Russia, in turn, considers the United States and NATO its main enemy, but not Ukraine. All of Putin’s speeches and comments are permeated with the rhetoric of war with the West. However, Russia has no chance in a conventional war against NATO. If the Russian army is not capable of defeating Ukraine alone, how would it defeat a military bloc of highly developed countries?
A nuclear conflict could lead to mutual annihilation. Therefore, Russia is currently limited to an allegedly mediated war with the West on the territory of Ukraine.
But at the same time, it’s obvious that the Kremlin has already started a hybrid war against the West – by provoking a sharp rise in energy prices and limiting gas supplies to Europe, by cyber-attack and attempts at internal political destabilization in some European countries. There have already been the first signs of sabotage attacks on infrastructure facilities in Western countries.
The Kremlin can overplay in hybrid attacks against the West, or in military attacks against Ukraine, imperceptibly crossing an unacceptable “red line.” The United States and NATO can respond both to the use of tactical nuclear weapons against Ukraine and to Russian attacks on the infrastructure facilities of Western countries. And here, a chain reaction of mutual exchange of blows can occur quite quickly. And then the only question will be whether the parties will proceed to the use of strategic nuclear weapons.
The West is clearly trying to avoid such a dangerous scenario. But what can we expect from Putin, who is relentlessly following the path of escalating the war? Is he ready to take extreme measures to stave off the threat of defeat? And will Russia carry out criminal orders capable of destroying itself, as well as most of the world? There are no unequivocal answers to these questions yet.
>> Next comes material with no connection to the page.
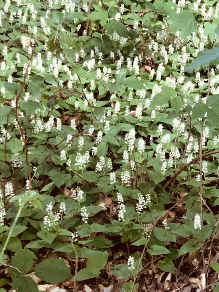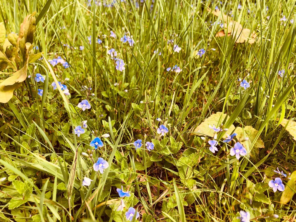 S. und ich sind dann losmarschiert. Einmal durch den Rosengarten oder zumindest einen der Rundwege entlang, die es dort gibt. Die Beschilderung der Wege haben wir leider nicht gefunden. Nur ein paar Schilder, die als „Pferdeweg“ ausgewiesen wurden. Also sind wir erstmal diesem Weg gefolgt. Durch schöne Waldlichtungen, an wunderbaren, zarten Blütenteppichen vorbei.

Therefore, today this scenario remains in the zone of uncertainty. It seems unlikely in the near term (at least up to six months) since Putin will try to achieve his goals by means of conventional war. But in the conditions of the threat of Russia’s complete military defeat, the risks of such a scenario will increase significantly.
Let’s now consider more likely scenarios for the end of the war.
I’ll start with an ambiguous and, in fact, a dead-end scenario – the freezing of the war (partial or full): the emergence of the balance of the military potentials of the opposing sides in the course of hostilities, the stabilization of the front line and the transition of hostilities to the positional phase for a quite long period (about a year, and perhaps longer). Hostilities in this case may last indefinitely in the form of periodic or episodic shelling and local clashes along the front line. If such a situation drags on, negotiations on a mutual ceasefire and even reaching an agreement are not excluded.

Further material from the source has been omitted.